Sep 23, 2008

Some Tidbits on the crisis

Some observations.... read the previous post about crisis and frustration in general to get better understanding of where I am coming from. 

Man in Charge is Part of creating the crisis
Treasury Secretary Hank Paulson who will manage the $700 billion, atleast for next few months, was just about 2 years back CEO of Goldman Sachs and was involved on the corporation side in creating thecrisis. It sounds odd to me that a person with strong connections with people who created this crisis (and was part of them) be given full authority to buy stuff from them and fix it. Rarely has this being mentioned in any media reporting.

Unprecedented executive authority:
In the current bill Paulson's decision are not subject to question by any court of law and he gets overpowering authority to spend $700 billion. He decides how to price the securities he is buying (there is no market which decides on prices for these securities so nobody knows whats the price), who he buys the securities from (there are far more than $700 billion of securities ready to be sold) and other details. He only provides semi-annual reports to Congress and nothing else. Thats tooo much power. How can you trust a guy who was part of creating the crisis be able to make judgements which value things fairly?.

$700 billion number can go far higher:
The wording of the bill is tricky. Its says at any one time government can hold $700 billion of securities. So they can keep buying and selling and in aggregate buy fr more than $700 billion. This doesnt put a lid on the losses. 

Short Sellers: 
Short selling is a term used to describe a transaction when you sell something which you dont own on the hope that you can buy it later at cheaper price. So I dont own any microsoft stock and think that it will go down. I then just sell the stock today and if it goes down in some time buy it at lower price. Many have said that many financial companies like Bear Sterns, Lehman were brought down because many people at the same time short sold the stock and since there was selling by many stock started falling and then this fall became a cycle and eventually the companies collapsed. But traders, hedge funds, economists have always praised short sellers because its a way for markets to tell you in advance that something is wrong with a asset. Its claimed that its part of the "price discovery" process in the markets.

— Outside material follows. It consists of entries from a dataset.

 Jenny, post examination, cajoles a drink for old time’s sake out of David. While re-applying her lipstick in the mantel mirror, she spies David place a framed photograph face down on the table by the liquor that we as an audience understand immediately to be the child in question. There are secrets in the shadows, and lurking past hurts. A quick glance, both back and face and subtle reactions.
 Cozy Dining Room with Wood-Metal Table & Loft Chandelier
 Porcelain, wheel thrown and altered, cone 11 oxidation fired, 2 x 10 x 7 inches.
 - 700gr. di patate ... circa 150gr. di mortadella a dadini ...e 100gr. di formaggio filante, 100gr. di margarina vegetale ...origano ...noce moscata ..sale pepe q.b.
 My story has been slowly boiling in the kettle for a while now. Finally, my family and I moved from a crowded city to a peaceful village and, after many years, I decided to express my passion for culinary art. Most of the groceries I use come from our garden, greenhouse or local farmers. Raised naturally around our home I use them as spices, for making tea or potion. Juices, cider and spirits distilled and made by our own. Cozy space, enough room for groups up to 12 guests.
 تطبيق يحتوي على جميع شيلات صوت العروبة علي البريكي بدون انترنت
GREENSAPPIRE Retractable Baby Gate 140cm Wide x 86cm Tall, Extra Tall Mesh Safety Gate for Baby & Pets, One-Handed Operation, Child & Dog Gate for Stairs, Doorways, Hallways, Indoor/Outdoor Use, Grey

Now though suddenly many of the same people have turned against it because it was their own companies which were being short sold - Merill Lynch, Goldman Sachs, Morgan Stanley and lobbied the government to impose a ban on short selling. Why is short selling at fault now when it was not earlier?

Greed: Capitalism is based on self-interest and greed is one of the self interest. According to Adam Smith the magic of capitalism is that everyone acts in their self interest and the system works for everyone. But now suddenly in the crisis "greed" is a bad word. From Mccain to   business channels everybody seems to be greed was reason for the crisis. Why has self-interest turned bad suddenly?. By that definition everyone should be against the markets and capitalism. 

Speed: Its a testament to Governments ability that it responded so quickly to the crisis. Clearly shows if government wants it can act faster than corporations and swiftly. But now Bush government, in same way as it did with Iraq war, is pushing Congress to approve the $700 billion fast. There are no details and Bush wants Congress to act fast - otherwise it says it would be BAD. I dont think that much urgency is needed. A week or so in deliberating the details is fair enough. 

The other motive of Bush is to avoid any other bailouts to homeowners which Democracts are pushing through. Clearly depicting that wall street deserves bailout but homeowners dont. Bush said "to move quickly and to resist the temptation to add provisions that, he said, "would undermine the effectiveness of the plan." Media is blaming politicians (Congress) on acting slowly.... really?. Its as if market asked govt to write a $700 billion check and government should respond otherwise suffer the guilt of killing the market. 

Regulation
Goldman Sachs and Morgan Stanley, two of "renowned" investment banks, who until now lobbied hard and succeded to avoid government regulation. Today they both begged to come under government regulation as that would give them better legitimacy and also access to government funds. This is what they have to say "We believe that Goldman Sachs, under Federal Reserve supervision, will be regarded as an even more secure institution with an exceptionally clean balance sheet and a greater diversity of funding sources". So they want regulation when it is clearly helpful. 

Job Losses:
Two unrelated events happened on the same day. Lehman Brothers went bankrupt and 25,000 jobs were put in question (though most wont lose jobs). Heweltt Packard (HP) merged with EDS and declared that it would cut 10,000 jobs. The reaction to these news events was quite different. Media was sympathetic to the workers at Lehman with press outside interviewing and feeling sad for these guys, but as far as HP goes it was praised for cost cutting and its share price rose. There was no repeated mention of HP job losses or sympthay shown for them. Why the difference?.